Danny Jordaan, Chief Executive of the 2010 Fifa Soccer World Cup Local Organising Committee addresses a media conference in Cape Town ahead of the final draw for next year's showpiece event, December 1, 2009.   REUTERS/Mike Hutchings
Danny Jordaan, Chief Executive of the 2010 Fifa Soccer World Cup Local Organising Committee addresses a media conference in Cape Town ahead of the final draw for next year’s showpiece event, December 1, 2009. REUTERS/Mike Hutchings

CAPE TOWN,  – Danny Jordaan, the central figure in South Africa’s 2010 World Cup bid which is now implicated in vote buying, is concentrating on his new role as mayor of the coastal city of Port Elizabeth rather than answering allegations made in U.S. court documents. Jordaan, also the president of the South African Football Association, was billed to appear at a Johannesburg press conference on Wednesday to answer the allegations but did not appear. Instead sports minister Fikile Mbalula repeated South African government denials.

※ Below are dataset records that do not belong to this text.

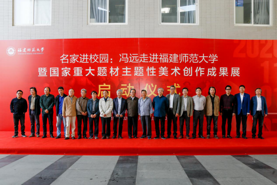 11月1日上午,由《中国美术报》、福建省文学艺术界联合会和必一在线平台(中国)官网联合主办“名家走进必一在线平台(中国)官网公益活动暨国家重大题材主题性美术创作成果展”顺利开幕。中国文学艺术界联合会副主席、中央文史研究馆副馆长、中国美术家协会名誉主席冯远,福建省文学艺术界联合会党组成员、书记处书记、福建省美术家协会主席王来文,中国国家画院理论所副所长陈明,中国国家画院人物所副所长卢志强,《中国美术报》事业发展部副主任李回源、编辑部副主任张婷婷,福建省艺术职业学院院长唐文忠,必一在线平台(中国)官网副校长赖海榕,福建省美术家协会名誉主席、美术学院教授翁振新,福建省民间文艺家协会主席、必一在线平台(中国)官网台湾美术研究中心主任李豫闽,福建省美术家协会驻会副主席赵胜利,福建省美术家协会副主席、福建省画院院长张永海,中国美协漆画委员会副主任、福建省美协副主席汤志义,福建省美术馆馆长丘志军,闽江学院美术学院院长郑鑫、副院长赖登云,以及美术学院党政负责人、师生代表共200余人参加开幕式。赖海榕、王来文、陈明先后在开幕式上致辞。
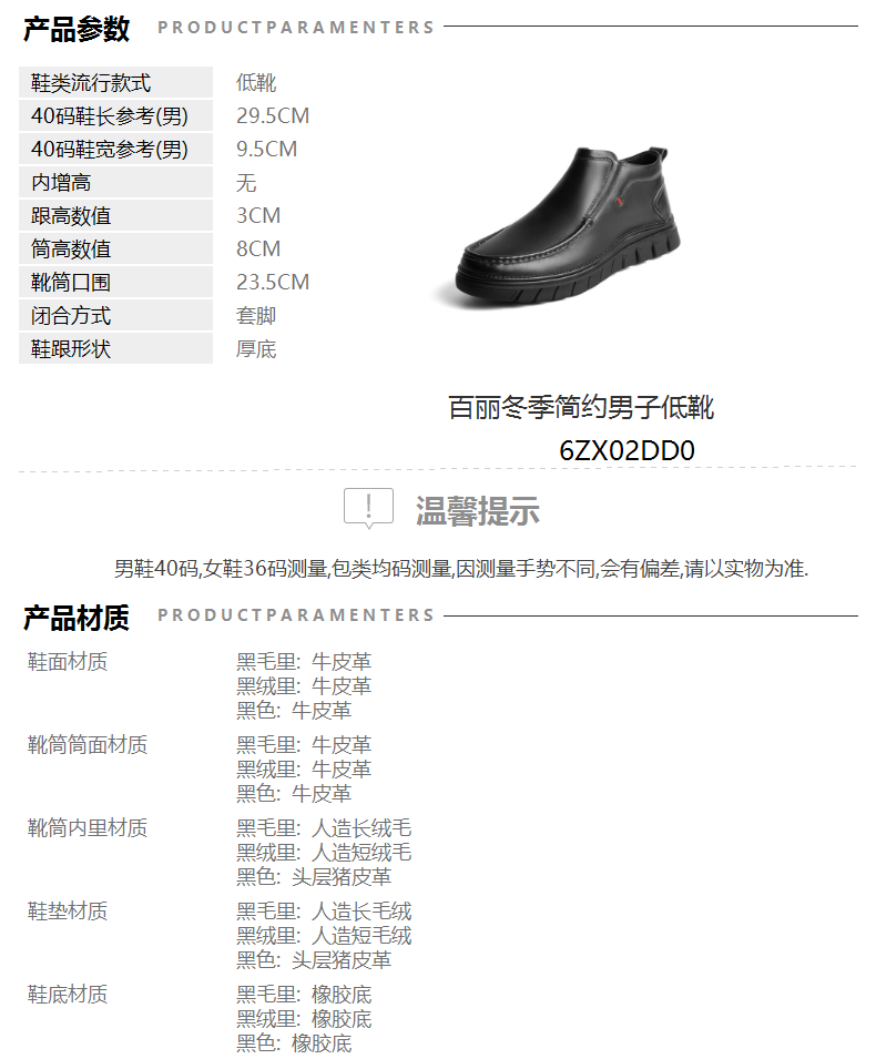 | 风格:简约 | 色系:黑色 | 跟高数值:3CM | 货品来源:外购 | 40码鞋宽参考(男):9.5CM |
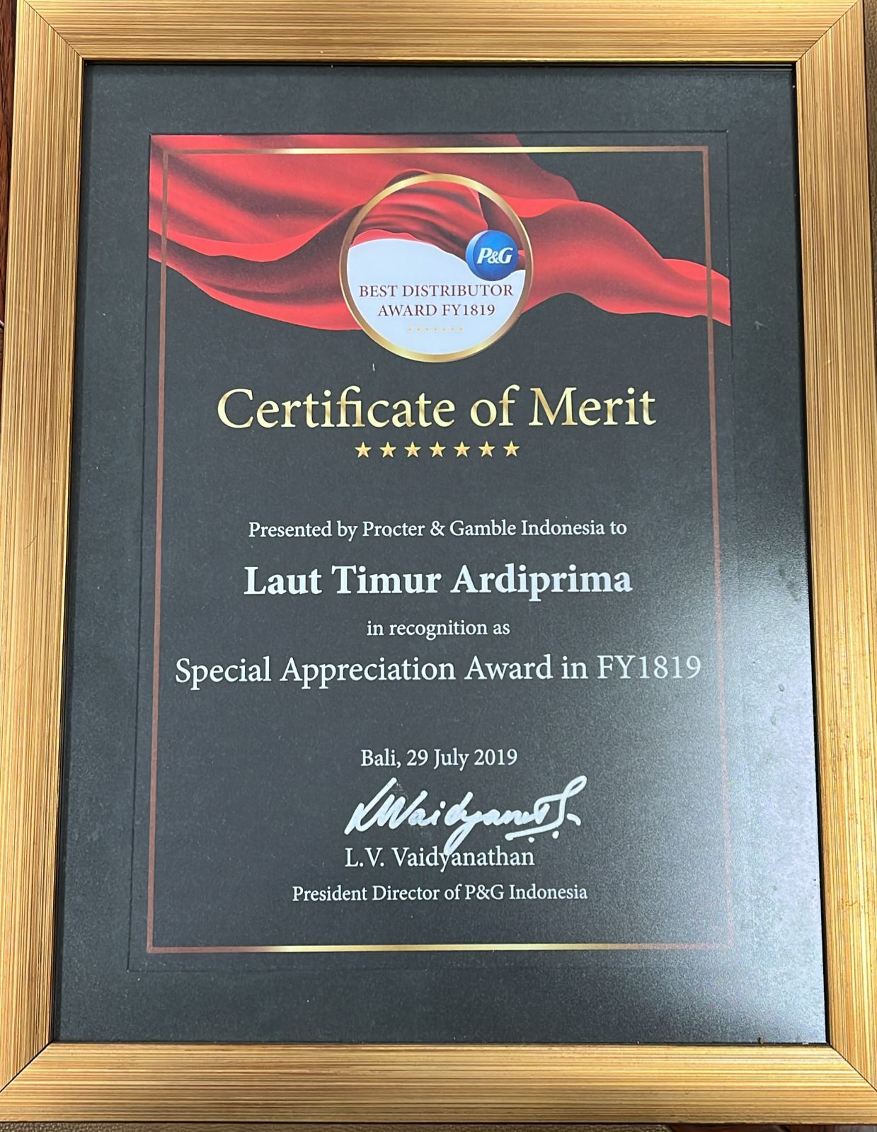 Certificate of Merit presented by Procter & Gamble Indonesia to Laut Timur Ardiprima in recognition as Special Appreciation Award in FY1819
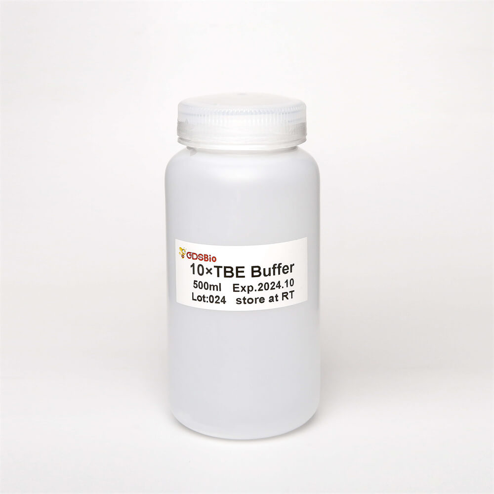 TBE缓冲液存放时间过长容易出现沉淀,影响电泳结果,因此配制为10×,工作时稀释20倍,浓度为0.5×。
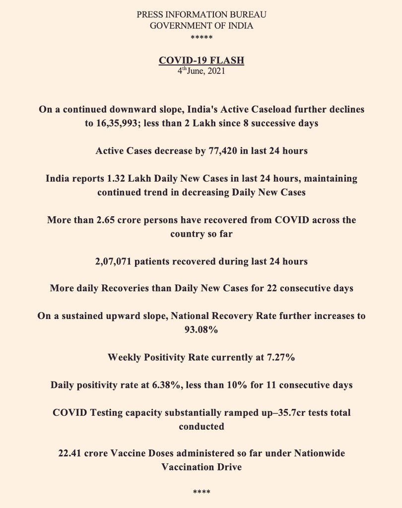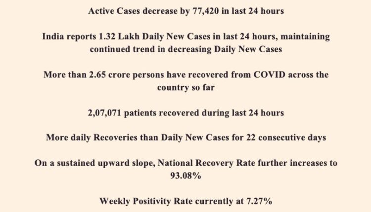 India reports 1.32 Lakh Daily New Cases in last 24 hours, maintaining continued trend in decreasing Daily New Cases

“He is fully focused on his tasks as mayor. He has been spending his time consulting with various communities about the city’s budget,” Jordaan’s spokesman Roland Williams told local radio on Thursday.

South Africa stands accused of bribing FIFA executive committee for votes to obtain the right to host the 2010 World Cup, court documents said.

Jordaan, the driving force behind the 2010 bid and after that the chief executive officer of the local organising committee, was inaugurated as mayor of the Nelson Mandela Bay municipality, including Port Elizabeth and outlying areas, last Thursday.

The ruling African National Congress, for whom he is a former member of Parliament, asked him to take over a troubled city council racked by factional conflict. They said he was A perfect candidate because of his administrative success in helping South Africa win the hosting of the 2010 World Cup.

But the move could backfire as allegations that South Africa paid bribes for votes are detailed in U.S. court documents following the indictment of 14 football officials in the last week, including serving and former FIFA vice presidents.